* Exercise brief:
Reproduce every line below exactly as written; do not include the images.

* Dataset extract:

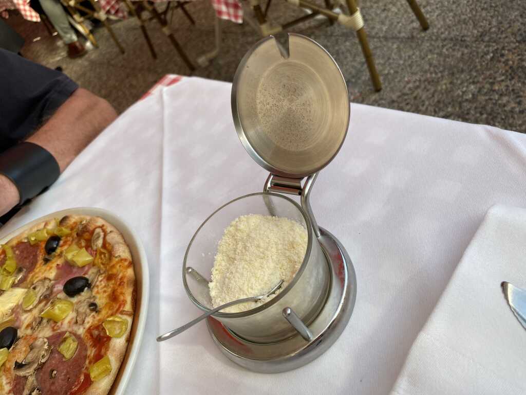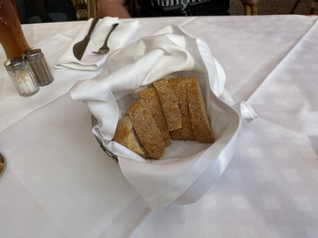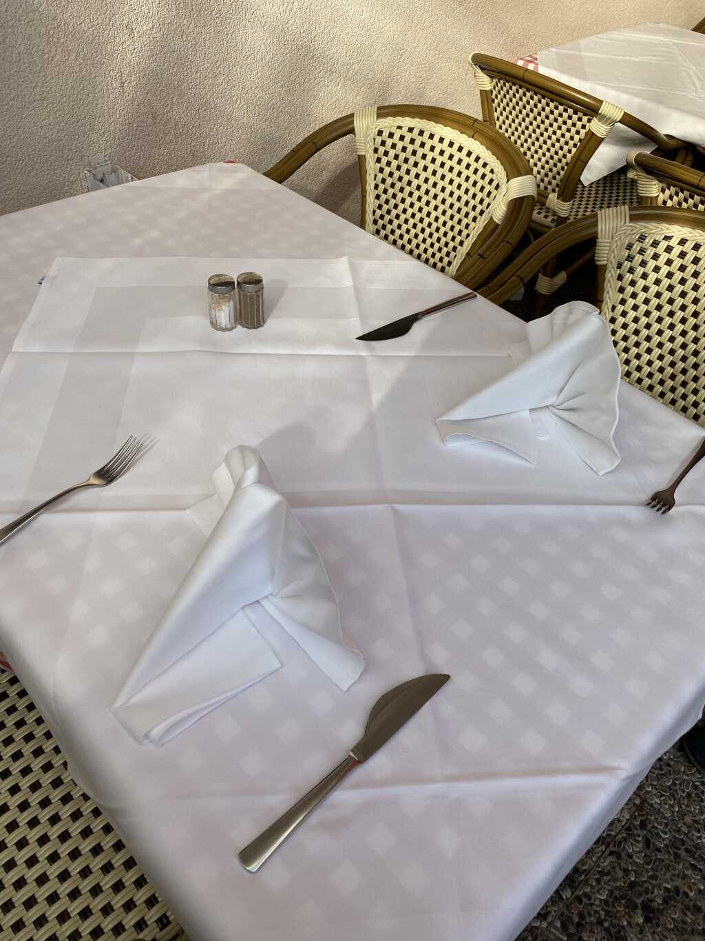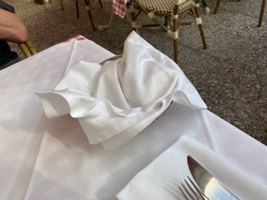Das Besteck bekamen wir in einer Serviette mit Tasche auf der auch das Logo und der Name vom Lokal aufgedruckt war.
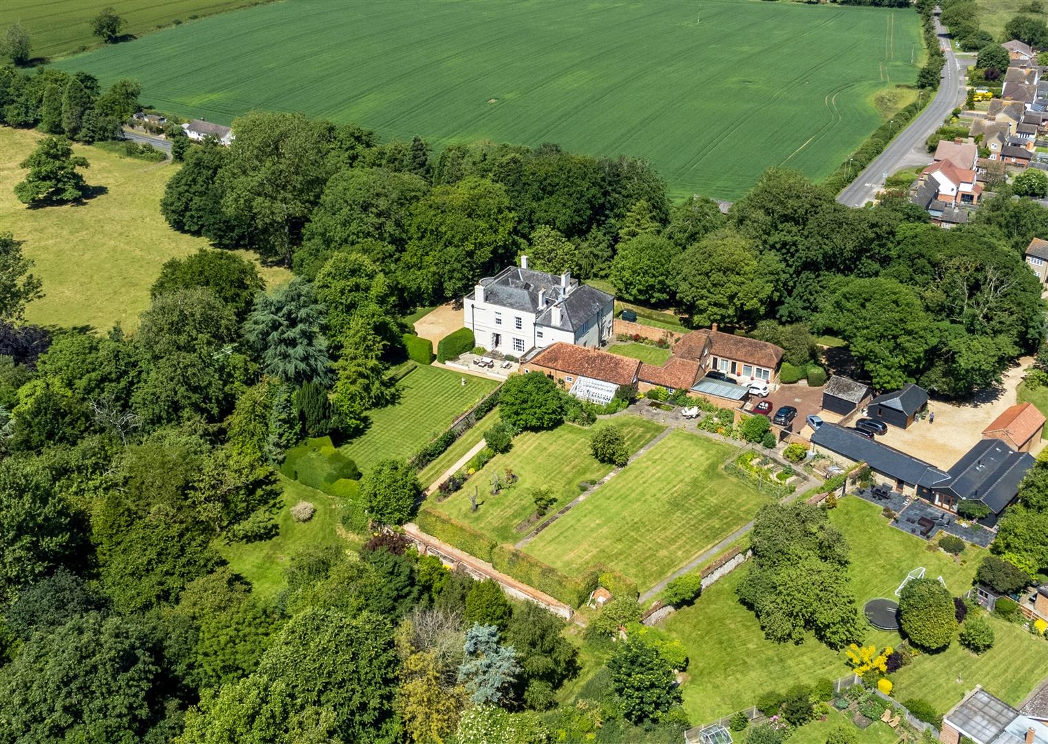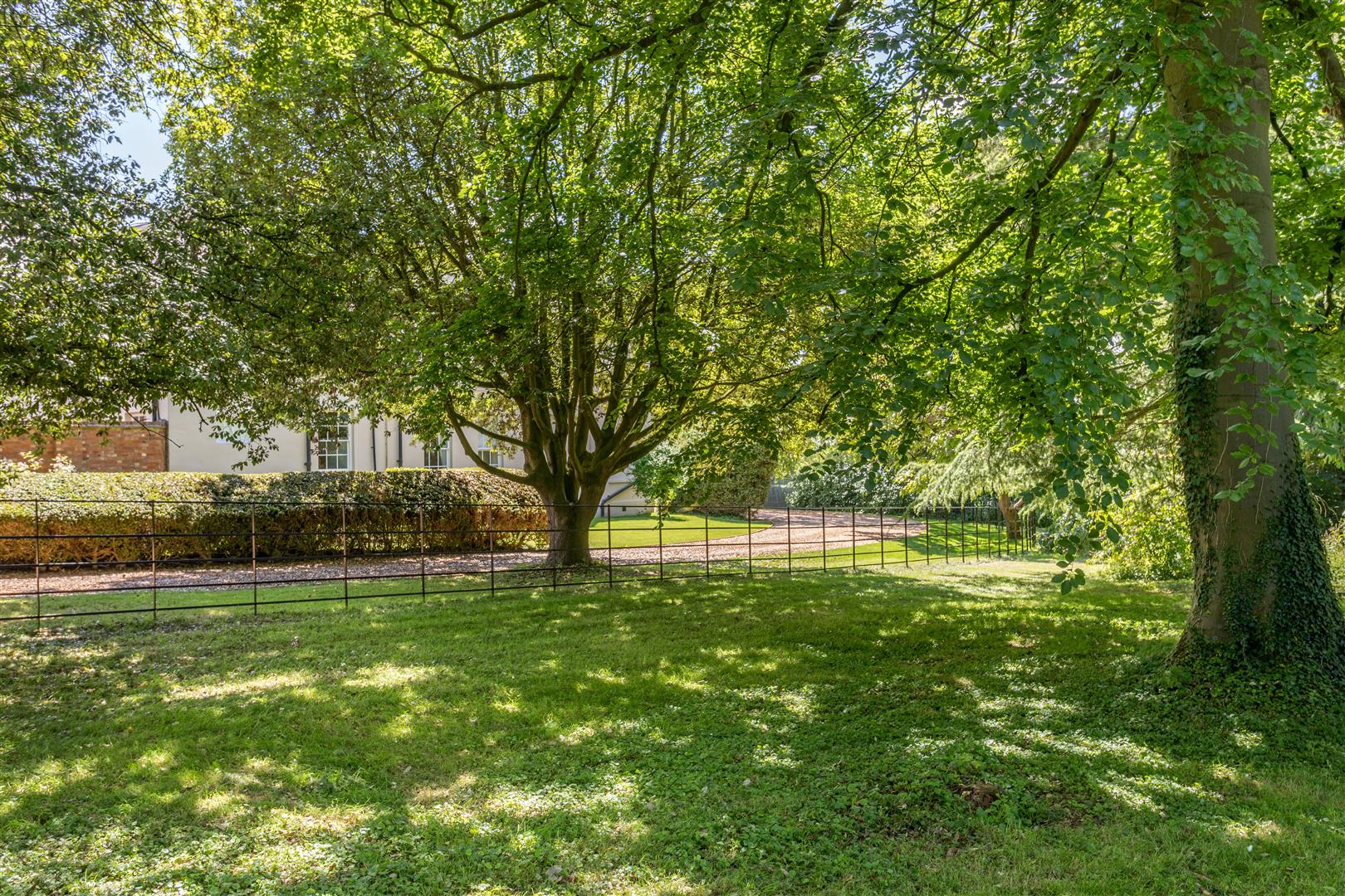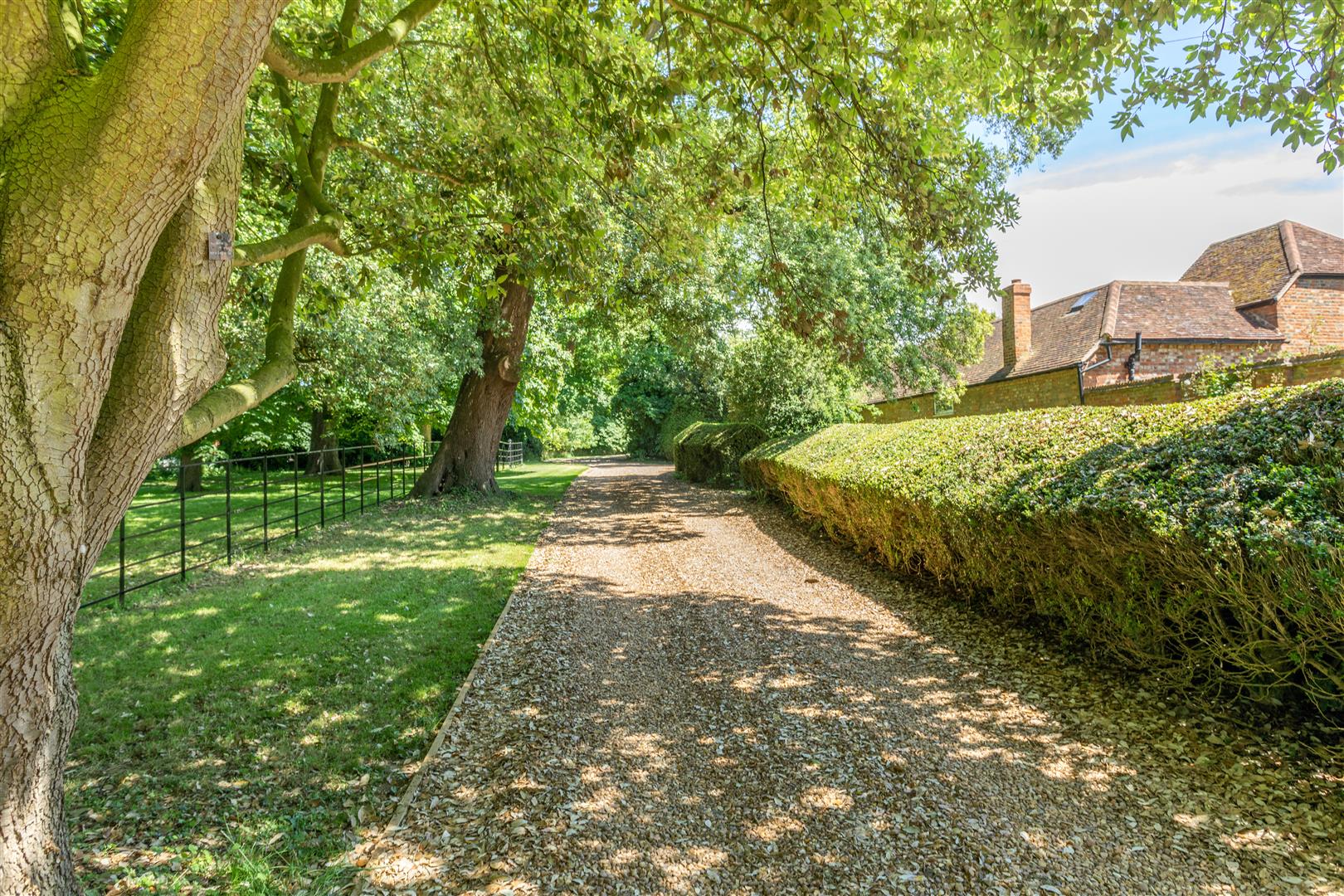 From the village High Street a wooden gate opens to a gravel driveway which sweeps round to the right following a path between mature hedging and a wrought iron fence. Behind the wrought iron fence is an area of mature woodland evidencing specimen hardwood trees. The gravel drive extends around to the front of The Old Rectory where parking is freely available. From its elevated position The Old Rectory can take in an unrivalled vista over lush open countryside, green fields as far as the eye can see.
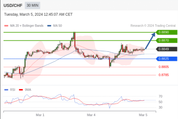 在 0.8825 之上,看涨,目标价位为 0.8870 ,然后为 0.8890 。

* Answer for this exercise:
Das Besteck bekamen wir in einer Serviette mit Tasche auf der auch das Logo und der Name vom Lokal aufgedruckt war.
 From the village High Street a wooden gate opens to a gravel driveway which sweeps round to the right following a path between mature hedging and a wrought iron fence. Behind the wrought iron fence is an area of mature woodland evidencing specimen hardwood trees. The gravel drive extends around to the front of The Old Rectory where parking is freely available. From its elevated position The Old Rectory can take in an unrivalled vista over lush open countryside, green fields as far as the eye can see.
 在 0.8825 之上,看涨,目标价位为 0.8870 ,然后为 0.8890 。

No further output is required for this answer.